One possible and scalable configuration and most likely also the most typical one would be:

  • a load balancer
  • two or more (physical) web servers
  • one database

The load balancer takes care of redirecting incoming requests to the web servers which in turn share the same database. This is a scalable solution since you can add more web servers if need be. The big advantage here apart from balancing the load is a much higher availability of your application since you have redundant web servers (i.e. a web server can go down or be taken down for maintenance while the remaining web servers continue to serve requests).
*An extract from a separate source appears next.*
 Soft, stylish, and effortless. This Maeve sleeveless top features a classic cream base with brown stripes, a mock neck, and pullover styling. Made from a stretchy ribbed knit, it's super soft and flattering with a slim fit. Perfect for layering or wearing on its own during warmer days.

The problem you will face is the synchronization of the util_memoize cache on the different web servers. If some cached data gets modified on one web server, it has to somehow get updated on the other one, too, which is what cluster support in OpenACS kernel parameters is for. If you turn it on, the caches of all web servers in the cluster will get updated automatically.
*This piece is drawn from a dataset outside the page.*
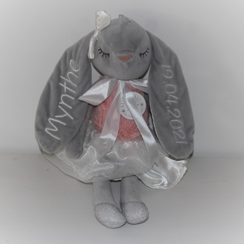 Teddykompaniet Ballerinas grå kanin bamse med navn på.

Since we have been running OpenACS clusters for some time now, let me share some more thoughts which might be helpful for you:

Load Balancer

With the introduction of a load balancer, you also introduce another single-point-of-failure. If availability is important to you, you might want to look into redundant solutions (e.g. via heartbeat from the Linux High Availability project). (Of course, you also have a single-point-of-failure with your database, but this is more complex to solve via clusters or replication that the load-balancer issue.)

Web Servers

From your other posting I know that you are running quite a big machine for your web server. I personally think that it is cheaper and also better in terms of redundancy to use small but more servers for your AOLserver instances.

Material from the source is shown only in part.